Me: “What can I help you with?”

Customer: “Yeah, I need to get a money order today.”

Me: “Sure thing. Do you have an account with us?”

Customer: “No.”

Me: “Okay, no problem, I’ll just need your ID and a few other pieces of information to get that done for you.”

Customer: “Ask away. I do this every month!”

(I quickly complete the transaction, as the customer is staring at me, and I am extremely uncomfortable. After I hand him the money order…)

Me: “Is there anything else I can help you with today?”

Customer: “I was also lookin’ for a cute girl…” *grins at me and leans in closer*

(I take a small step backward and try not to let my expression change.)
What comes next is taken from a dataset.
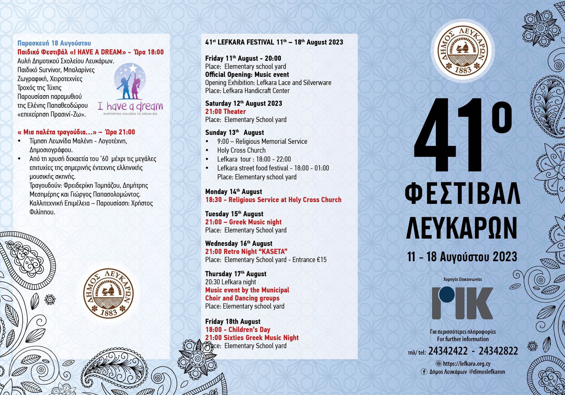 Ο Δήμος Λευκάρων διοργανώνει το 41ο Φεστιβάλ Λευκάρων και μας προσκαλεί σε 8 ημέρες γεμάτες. Από τις 11 μέχρι τις 18 Αυγούστου πάμε στο διάσημο χωριό της επαρχίας Λάρνακας για ψυχαγωγία για όλα τα γούστα.

Me: “Is there anything else BANKING-related that I can help you with today?”

Customer: *visibly disappointed* “Well, no. That didn’t work, huh?”

Me: “Er… no.”

Customer: “Oh, well. At least that wasn’t on tape or anything. That would be really embarrassing.”

(Without saying a word, I point to the security camera above my head.)

Customer: *looks up, expression goes from disappointment to horror* “THOSE THINGS ACTUALLY WORK?!”

Me: “Yes, sir, they sure do.”

Customer: “NOW IT’S ON TAPE?!” *runs out the door*

Coworker: “What was THAT?!”

Me: *puts head down on counter* “I think it’s time for a break…”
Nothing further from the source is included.